#### SUPPLIED ENTRIES
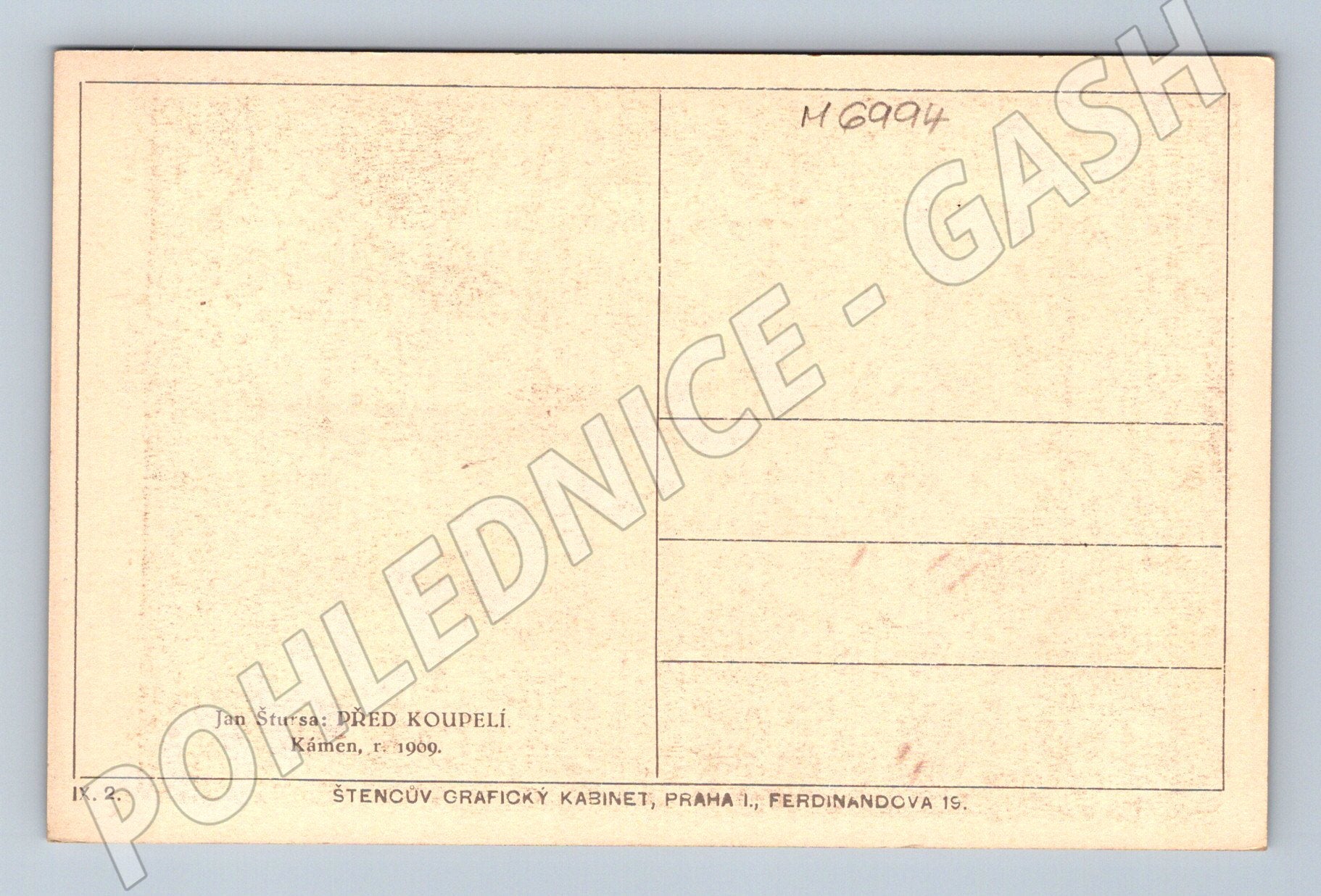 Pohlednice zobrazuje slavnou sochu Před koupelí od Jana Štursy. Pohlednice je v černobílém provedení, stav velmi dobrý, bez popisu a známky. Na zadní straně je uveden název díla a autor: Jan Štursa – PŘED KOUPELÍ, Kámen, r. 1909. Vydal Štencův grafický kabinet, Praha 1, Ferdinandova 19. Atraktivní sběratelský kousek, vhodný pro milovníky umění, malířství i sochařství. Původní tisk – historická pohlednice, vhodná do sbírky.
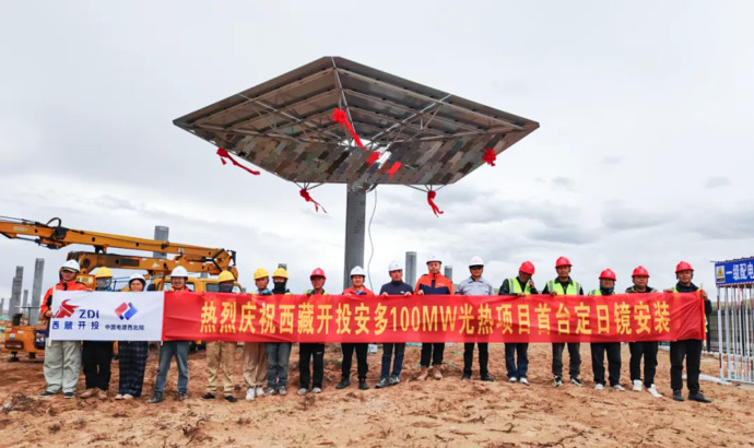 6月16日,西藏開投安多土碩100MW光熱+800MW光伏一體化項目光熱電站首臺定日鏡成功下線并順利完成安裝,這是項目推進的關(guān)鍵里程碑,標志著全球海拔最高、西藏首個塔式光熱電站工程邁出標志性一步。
* * *
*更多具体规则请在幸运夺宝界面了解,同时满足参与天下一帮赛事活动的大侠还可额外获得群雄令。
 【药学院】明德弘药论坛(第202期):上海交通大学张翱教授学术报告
* * *
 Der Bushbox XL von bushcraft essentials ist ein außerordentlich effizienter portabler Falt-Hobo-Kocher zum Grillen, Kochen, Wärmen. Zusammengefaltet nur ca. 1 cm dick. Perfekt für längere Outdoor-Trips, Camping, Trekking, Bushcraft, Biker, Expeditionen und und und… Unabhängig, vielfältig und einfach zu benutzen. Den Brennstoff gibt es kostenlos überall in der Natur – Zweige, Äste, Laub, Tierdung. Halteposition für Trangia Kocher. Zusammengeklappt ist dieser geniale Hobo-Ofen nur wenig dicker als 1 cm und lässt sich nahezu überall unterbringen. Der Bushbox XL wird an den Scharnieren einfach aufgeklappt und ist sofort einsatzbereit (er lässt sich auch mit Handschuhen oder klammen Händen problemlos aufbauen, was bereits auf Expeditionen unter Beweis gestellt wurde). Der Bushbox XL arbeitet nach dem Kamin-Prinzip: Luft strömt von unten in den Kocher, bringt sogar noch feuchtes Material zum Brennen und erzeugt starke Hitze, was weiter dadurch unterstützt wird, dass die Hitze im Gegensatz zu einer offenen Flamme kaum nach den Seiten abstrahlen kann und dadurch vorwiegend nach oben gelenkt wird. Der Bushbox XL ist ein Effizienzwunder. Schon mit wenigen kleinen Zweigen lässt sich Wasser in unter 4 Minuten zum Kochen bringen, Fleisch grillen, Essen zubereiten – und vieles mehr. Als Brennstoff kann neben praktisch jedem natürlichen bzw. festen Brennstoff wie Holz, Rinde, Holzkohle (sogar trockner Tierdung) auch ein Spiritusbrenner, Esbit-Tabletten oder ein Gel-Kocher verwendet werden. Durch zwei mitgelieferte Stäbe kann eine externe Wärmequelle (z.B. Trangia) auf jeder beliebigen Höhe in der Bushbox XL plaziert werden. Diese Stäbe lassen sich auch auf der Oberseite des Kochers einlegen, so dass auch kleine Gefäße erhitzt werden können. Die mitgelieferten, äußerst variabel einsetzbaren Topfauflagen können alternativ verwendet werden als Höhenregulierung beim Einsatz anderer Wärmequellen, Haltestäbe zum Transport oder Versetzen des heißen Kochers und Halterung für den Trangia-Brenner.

#### TASK OBJECTIVE
What's needed is an exact copy of the records above from the line containing "Pohlednice zobrazuje slavnou" down to the line containing "6月16日,西藏開投安多土碩", both included, without any pictures.

#### ANSWER SPACE
 Pohlednice zobrazuje slavnou sochu Před koupelí od Jana Štursy. Pohlednice je v černobílém provedení, stav velmi dobrý, bez popisu a známky. Na zadní straně je uveden název díla a autor: Jan Štursa – PŘED KOUPELÍ, Kámen, r. 1909. Vydal Štencův grafický kabinet, Praha 1, Ferdinandova 19. Atraktivní sběratelský kousek, vhodný pro milovníky umění, malířství i sochařství. Původní tisk – historická pohlednice, vhodná do sbírky.
 6月16日,西藏開投安多土碩100MW光熱+800MW光伏一體化項目光熱電站首臺定日鏡成功下線并順利完成安裝,這是項目推進的關(guān)鍵里程碑,標志著全球海拔最高、西藏首個塔式光熱電站工程邁出標志性一步。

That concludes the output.